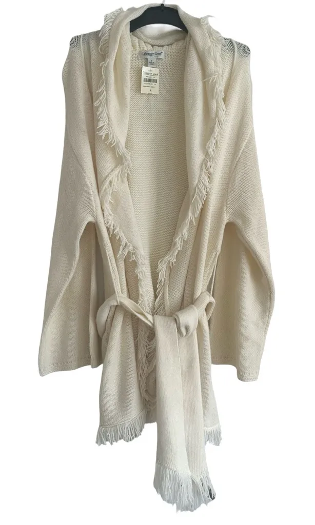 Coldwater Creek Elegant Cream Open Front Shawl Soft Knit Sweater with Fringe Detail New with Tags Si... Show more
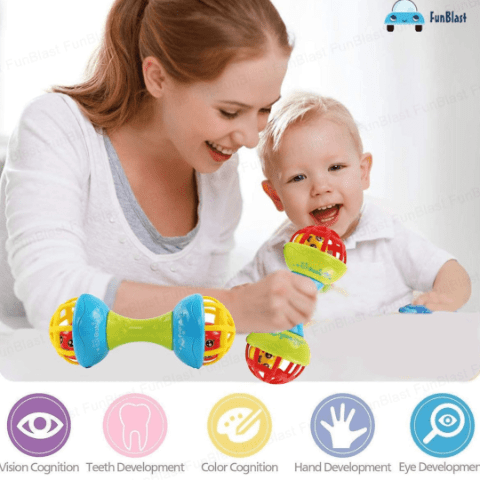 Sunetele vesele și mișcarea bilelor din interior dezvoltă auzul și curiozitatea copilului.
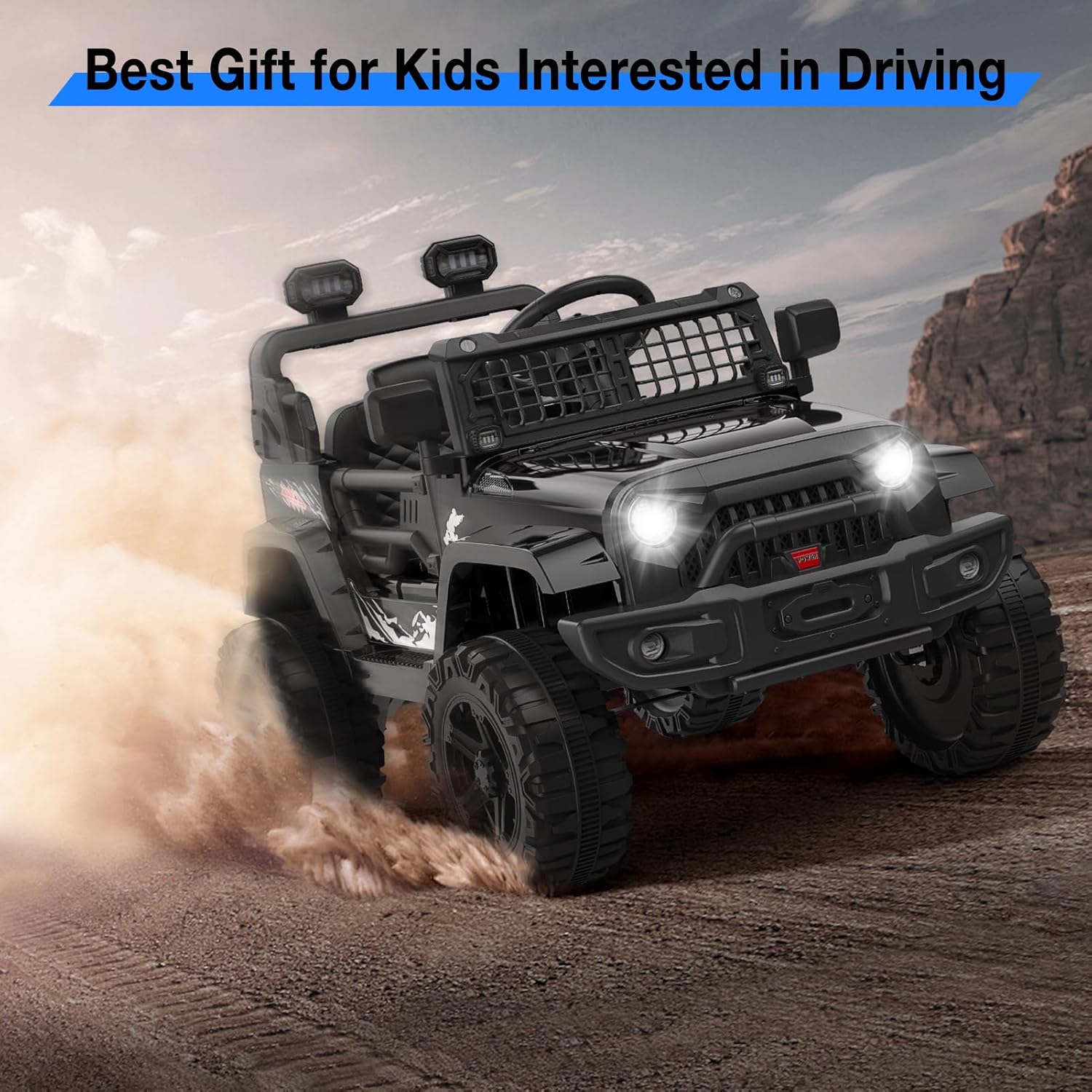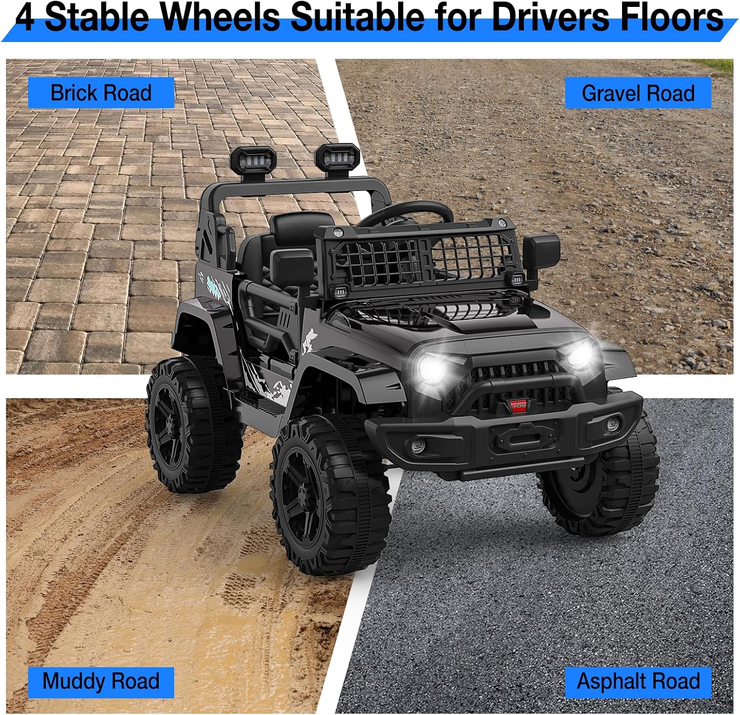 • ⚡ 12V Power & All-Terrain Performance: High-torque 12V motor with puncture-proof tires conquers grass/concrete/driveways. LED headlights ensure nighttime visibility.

----------------------------------------

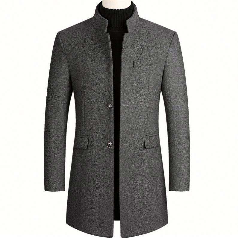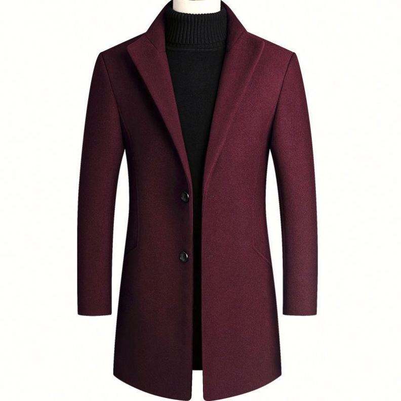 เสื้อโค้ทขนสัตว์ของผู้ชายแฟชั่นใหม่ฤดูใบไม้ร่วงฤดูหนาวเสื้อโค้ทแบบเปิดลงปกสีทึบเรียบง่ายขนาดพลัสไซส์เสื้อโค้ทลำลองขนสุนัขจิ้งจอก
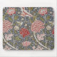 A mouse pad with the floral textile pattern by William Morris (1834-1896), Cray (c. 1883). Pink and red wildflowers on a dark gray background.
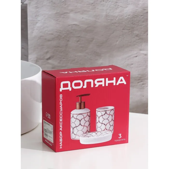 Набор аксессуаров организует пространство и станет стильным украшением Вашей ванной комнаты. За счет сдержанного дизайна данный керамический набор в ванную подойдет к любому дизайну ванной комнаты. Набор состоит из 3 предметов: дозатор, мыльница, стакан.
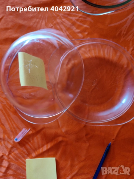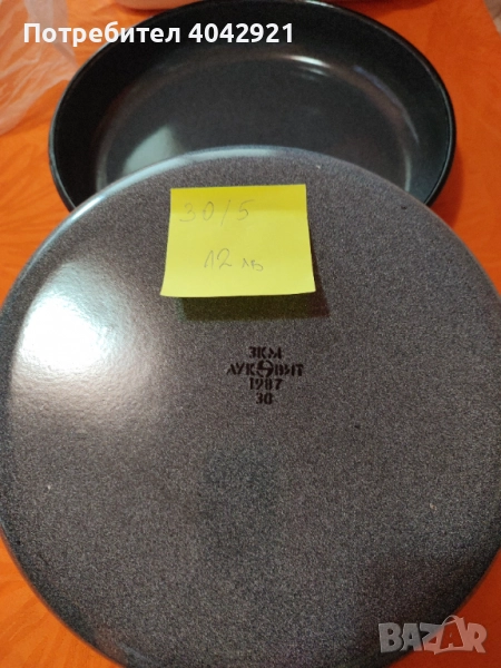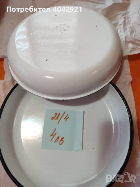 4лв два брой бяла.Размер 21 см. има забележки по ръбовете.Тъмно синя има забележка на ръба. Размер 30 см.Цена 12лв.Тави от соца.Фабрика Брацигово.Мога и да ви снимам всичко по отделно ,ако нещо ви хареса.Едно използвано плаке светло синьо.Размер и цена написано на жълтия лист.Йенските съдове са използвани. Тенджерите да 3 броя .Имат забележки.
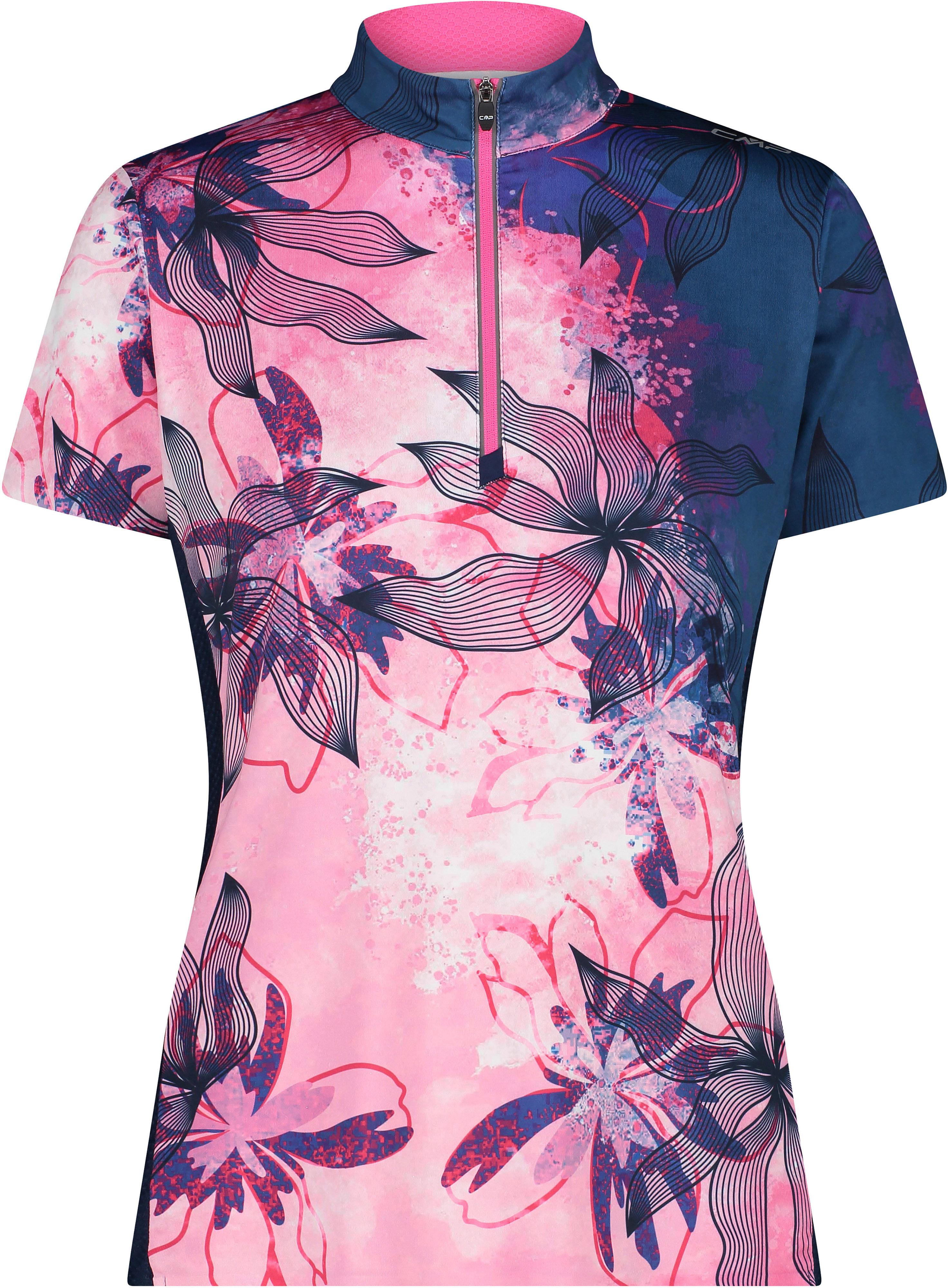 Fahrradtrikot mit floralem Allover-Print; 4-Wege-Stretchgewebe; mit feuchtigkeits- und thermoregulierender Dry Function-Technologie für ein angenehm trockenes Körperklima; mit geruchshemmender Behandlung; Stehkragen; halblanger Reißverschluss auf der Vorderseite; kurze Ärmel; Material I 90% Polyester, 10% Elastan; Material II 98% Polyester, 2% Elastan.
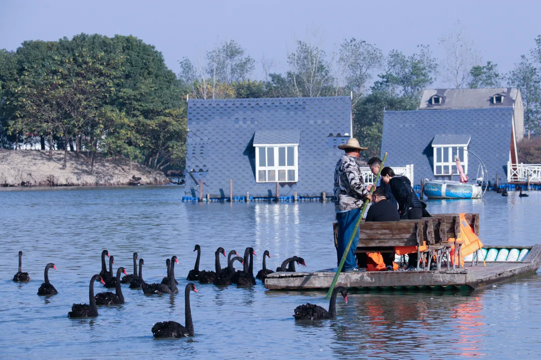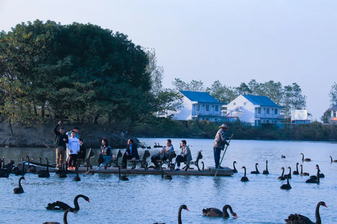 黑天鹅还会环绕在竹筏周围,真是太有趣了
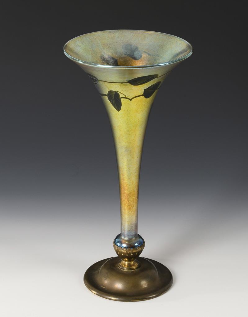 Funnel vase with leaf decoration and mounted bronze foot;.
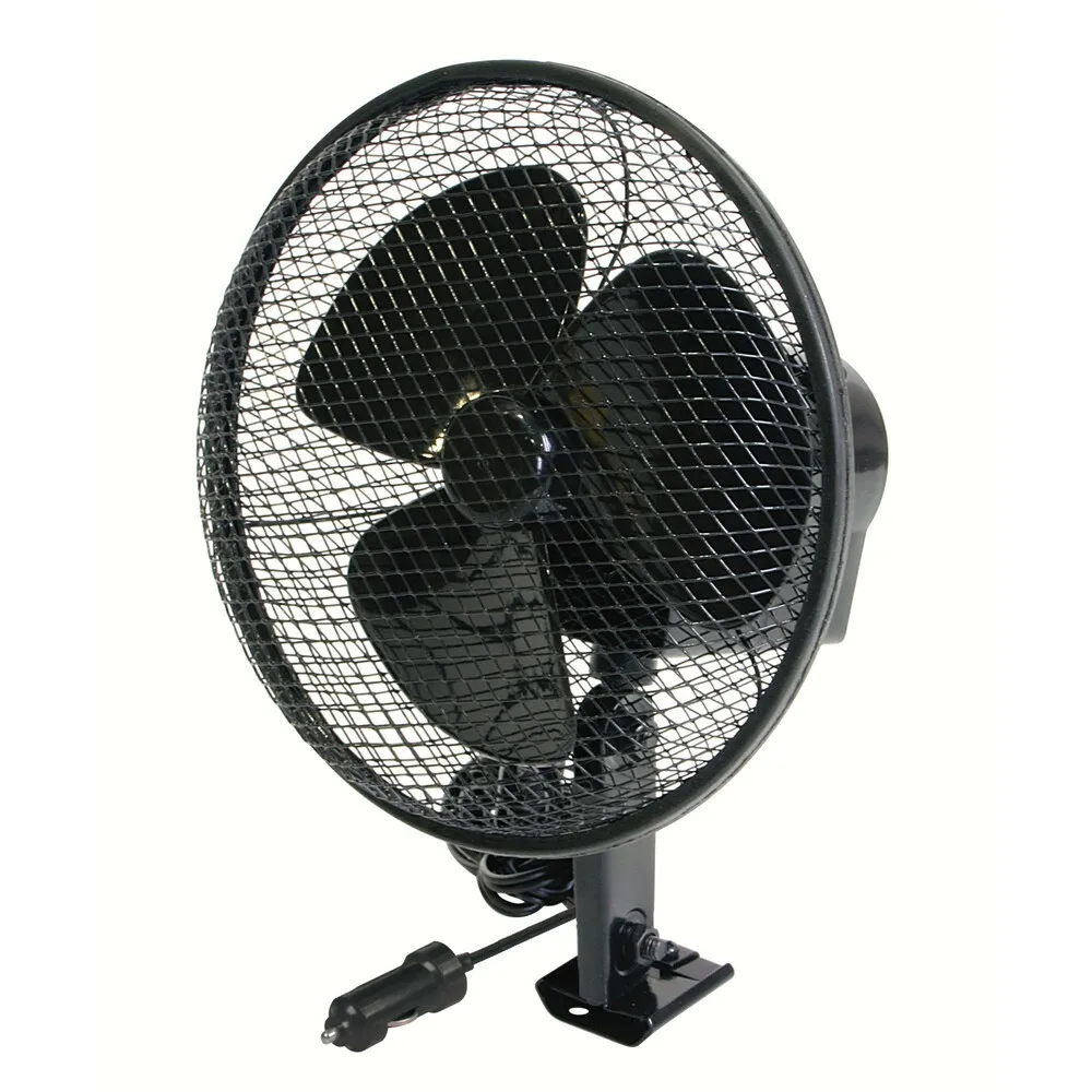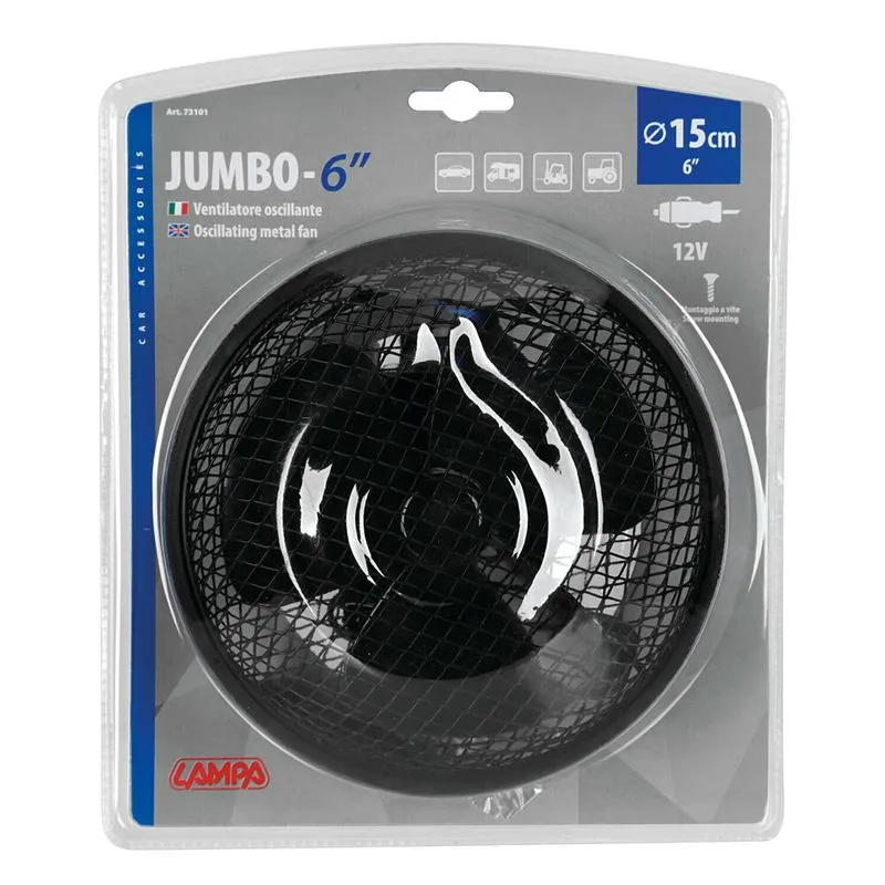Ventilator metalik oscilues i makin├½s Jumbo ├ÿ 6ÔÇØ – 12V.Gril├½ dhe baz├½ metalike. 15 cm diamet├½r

----------------------------------------

• Directions
In the listing above, find the line containing "Sunetele vesele și" and the line containing "ensure nighttime visibility.", then write out both of them and every line between, exactly, with no pictures.

• Solution for this problem
 Sunetele vesele și mișcarea bilelor din interior dezvoltă auzul și curiozitatea copilului.
 • ⚡ 12V Power & All-Terrain Performance: High-torque 12V motor with puncture-proof tires conquers grass/concrete/driveways. LED headlights ensure nighttime visibility.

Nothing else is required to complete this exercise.